##### Source material
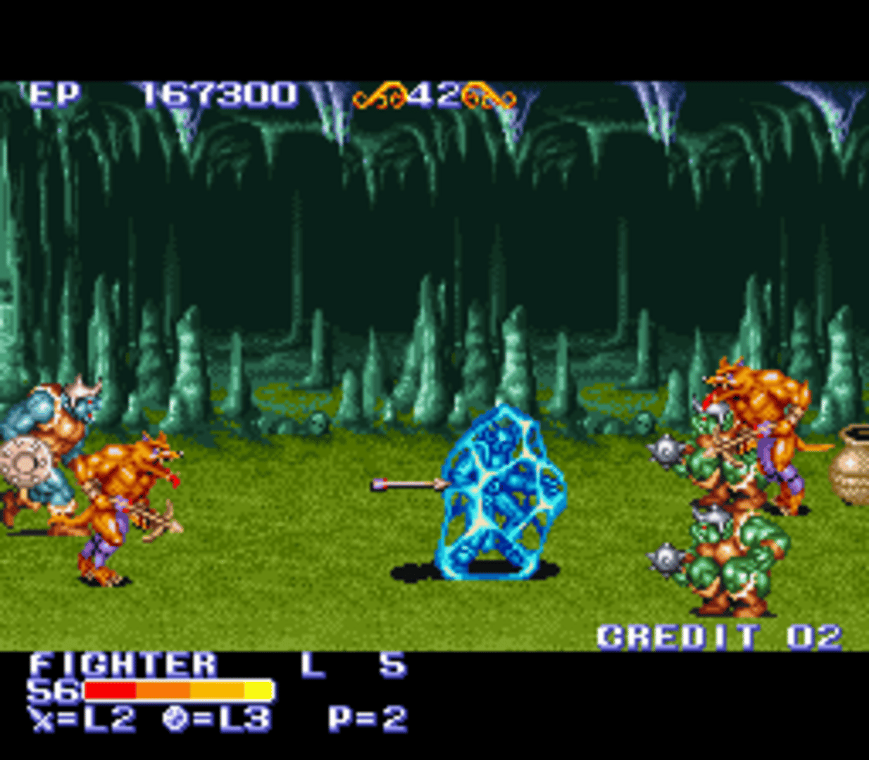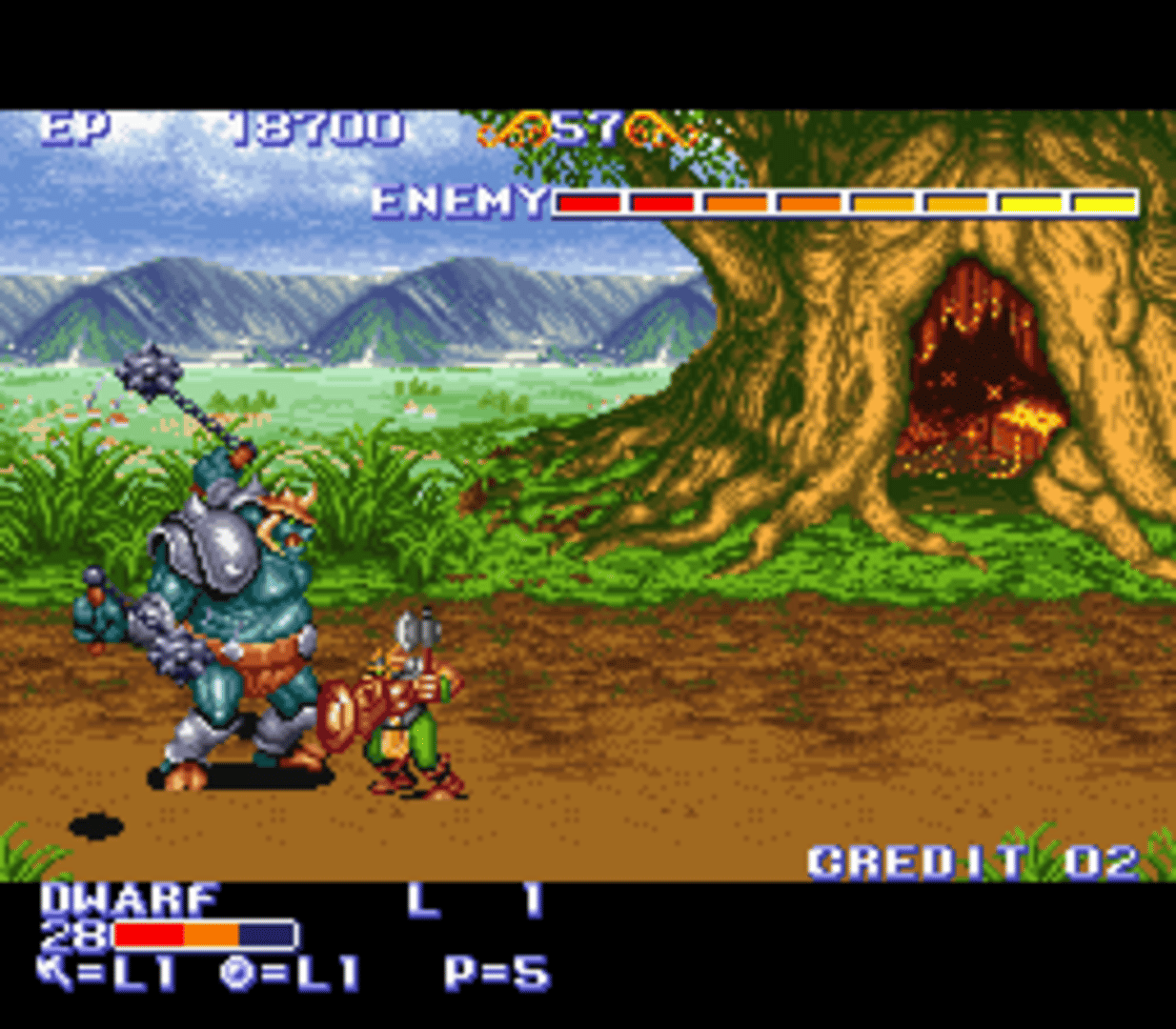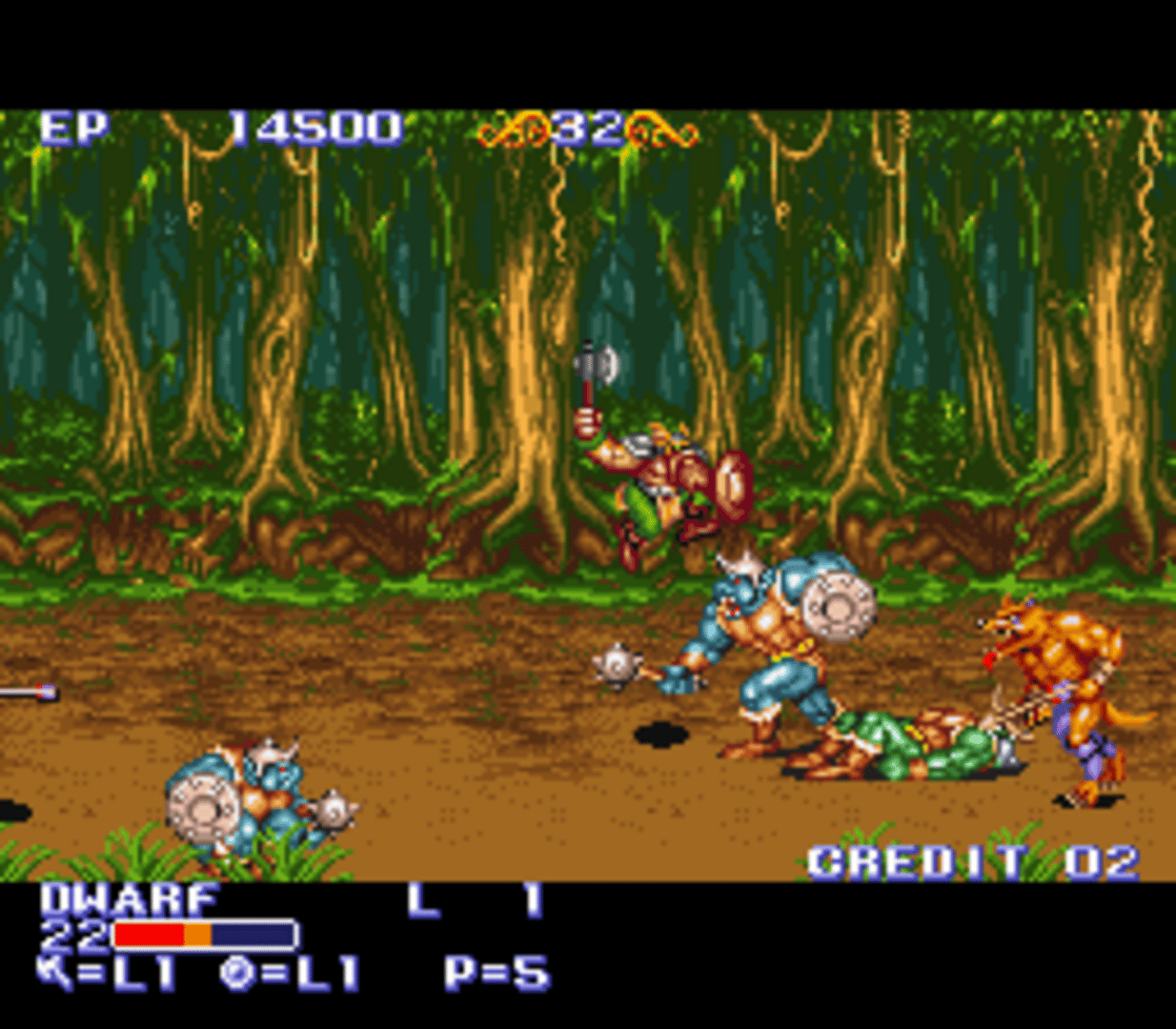 SNES Port of the arcade game with the same name. Changes it was given includes reducing the number of simultaneous players down to two, reducing the sizes of the in game sprites moderately, and it being possible to assign the magic attack and shield defense to different buttons.
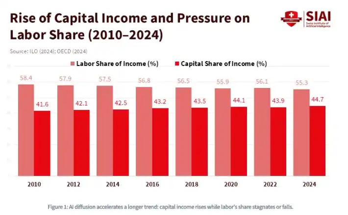 然而,马克思在分析中存在一个关键错误:他认为资本本身天然缺乏活力,必须持续消耗人类劳动才能盈利。但随着信贷的崛起,如今又迎来人工智能的爆发,我们即将进入一个全新的范式——「吸血鬼」不仅完全具有能动性,甚至能绕过人类劳动,仅需持续消耗动能就能盈利。如下图所示,十多年来,资本收入占比持续上升、劳动收入占比不断下降的趋势早已酝酿,而人工智能将推动这一趋势越过不可逆转的拐点。
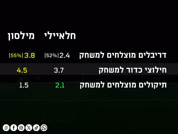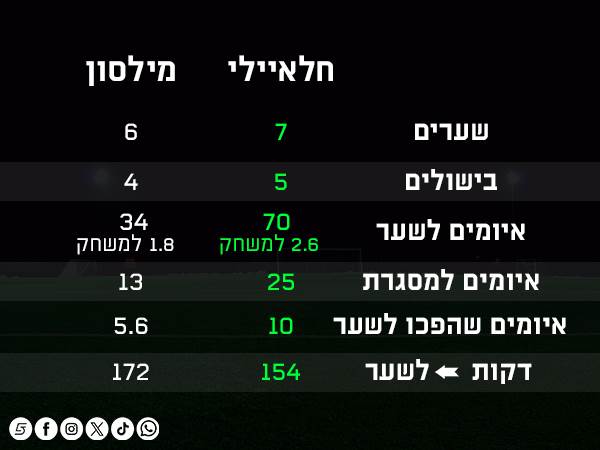 אז הפעם, לפני משחק העונה הקרב ובא, נערוך השוואה בין שני שחקני המפתח של המועמדות לאליפות ונתחיל עם המספרים בליגה שיעזרו לנו להבין טוב יותר את סגנון המשחק של השניים. חשוב לציין שבקטגוריות מסויימות חלאיילי מוביל על מילסון בין היתר משום העובדה ששיחק למעלה מ-500 דקות יותר.
##########
> Work to complete
Write the lines from the one containing "然而,马克思在分析中存在一个" through the end of the data above exactly as they appear, and do not carry over any picture.

> Finished task
 然而,马克思在分析中存在一个关键错误:他认为资本本身天然缺乏活力,必须持续消耗人类劳动才能盈利。但随着信贷的崛起,如今又迎来人工智能的爆发,我们即将进入一个全新的范式——「吸血鬼」不仅完全具有能动性,甚至能绕过人类劳动,仅需持续消耗动能就能盈利。如下图所示,十多年来,资本收入占比持续上升、劳动收入占比不断下降的趋势早已酝酿,而人工智能将推动这一趋势越过不可逆转的拐点。
 אז הפעם, לפני משחק העונה הקרב ובא, נערוך השוואה בין שני שחקני המפתח של המועמדות לאליפות ונתחיל עם המספרים בליגה שיעזרו לנו להבין טוב יותר את סגנון המשחק של השניים. חשוב לציין שבקטגוריות מסויימות חלאיילי מוביל על מילסון בין היתר משום העובדה ששיחק למעלה מ-500 דקות יותר.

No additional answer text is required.